Hébert, however, was not Desmoulins’ only target. He was concerned with warding off attacks on Danton from the Terrorists who felt themselves threatened by the Indulgent program. And in fact he did a better job of defending his hero than Danton himself had on December 1 at the Jacobins. Desmoulins went directly for the jugular by celebrating the attack on Danton as William Pitt’s finest hour (“O Pitt, I render homage to your genius!”), thus feeding Robespierre’s own conviction that the ultras were really a branch of the counter-revolution. In subsequent numbers Desmoulins went on to attack another favorite bugbear of both Danton and Robespierre: the dechristianizers. “Liberty,” Desmoulins reminded his readers, “is not a nymph from the Opéra, it is not a bonnet rouge, or a dirty shirt… liberty is happiness, reason and equality.” From this he went on to confront the institutions of the Terror itself, starting with the law of suspects. If the government asked that he spill his blood for liberty, it should honor its commitment to that principle by opening the prisons and liberating two hundred thousand people “that you call suspects, since in the Declaration of the Rights there are no ‘houses of suspicion.”’ Such a measure would be “the most revolutionary one that you have ever taken.” What, after all, was the alternative?

Do you want to exterminate all your enemies by the guillotine? But this would be the greatest folly. Can you destroy even one on the scaffold without making ten enemies from among his family and friends? Do you really believe that it is women, old men, the feeble, the “egoists” who are dangerous? Of your true enemies only the cowards and the sick are left, and those, like the rentiers and shopkeepers currently filling the prisons, are hardly worth all the anger spent on them.
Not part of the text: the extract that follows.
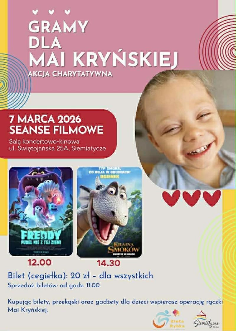 Tego samego dnia o godz. 12.00 i 14.30 w sali kinowej przy ul. Świętojańskiej odbędą się seanse filmowe dla dzieci. Dochód ze sprzedaży biletów-cegiełek również wesprze leczenie dziewczynki.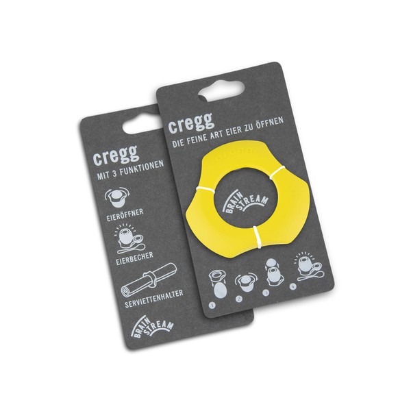 You love cooked eggs? But you always get angry when you have to remove the shells? Beating the eggs don t help you, since the shell cannot be separated from the skin? Thenn Cregg is perfect for you. As simple as the name, Cregg has also a very simple principle. Just take your cooked egg, press a bit Cregg on the egg and then turn it. The three blades of Cregg will make a small cut on the shell, so that you can remove it and enjoy your egg. But the possibilities of Cregg do not have finished, since it is a 3 in 1: eggshell cutter, egg bowl and napkin ring. At first, Cregg lays on the table as an innovative napkin ring. Then, it can become a quick and practical eggshell cutter and, finally it can function as a stylish egg bowl. Together with the PiepEi by Brainstream, Cregg is a wonderful present and a must for each egg fan! Colour: yellow Material: high quality plastics The set contains 2 eggshell cutters Measures: Width: 7 cm Height: 1.2 cm Diameter of the upper opening: 3.4 cm Diameter of the lower opening: 4.5 cm Brainstream article number: A001279 , Pack contains:1 Brainstream Cregg Eggshell Cutter, Egg Bowl & Napkin Ring, Yellow

In number 4, Desmoulins suggested an immediate specific reform: a “committee of clemency” operating independently of the Committees of General Security and Public Safety, one that could review cases of questionable accusation or conviction. It would be, of course, a direct challenge to the Commune-dominated Revolutionary Tribunal. It could act as a safeguard against malicious denunciation and correct such glaring travesties of justice as the arrest of a friend of Desmoulins who had been accused of having given dinner to someone later deemed to be a political undesirable. In a revolution one had to be careful, wrote Desmoulins, not fearing to quote Mirabeau (though in terms less earthy than the orator): “Liberty is a bitch who likes to be bedded on a mattress of cadavers.”

The Vieux Cordelier was a sensation, much the most powerful weapon in the armory of the Indulgents. Its calculated tone meant that it was deliberately addressed to the revolutionary elite, not just those in the Convention but those in the western and central sections of Paris who were tired of being bullied by the Commune and who applauded Desmoulins’ rhetorical question: “Is there anything more disgusting and more execrable [ordurier] than the Père Duchesne?” And even more specifically it was aimed at the one person on whom, as Danton and Desmoulins knew, the success or failure of their campaign turned: Maximilien Robespierre. In number 4 Desmoulins had even invoked the fact of their having been schoolfellows together at the Lycée Louis-le-Grand, in an explicit appeal for Robespierre to consider the virtues of humanity as consistent with patriotism.

Robespierre was, in fact, extremely receptive to the appeal. He had had quite enough of the dechristianizers, who on November 11 had gone so far as to bring cartloads of sacerdotal objects to the Convention and dump them unceremoniously on the assembly floor. Engravings show sans-culotte guards wearing bishops’ mitres and cassocks. He had also intervened personally to prevent the arrest of the seventy-three members of the Convention who in June had signed a petition against the expulsion of the Girondins. More surprisingly, in view of what was to unfold three months later, he was still firmly devoted to Danton and defended him fiercely against critics in the Jacobins on December 3. He even implied that merely to impugn Danton’s patriotism was to do the dirty work of William Pitt, who would like nothing better than to set good patriots at each other’s throats.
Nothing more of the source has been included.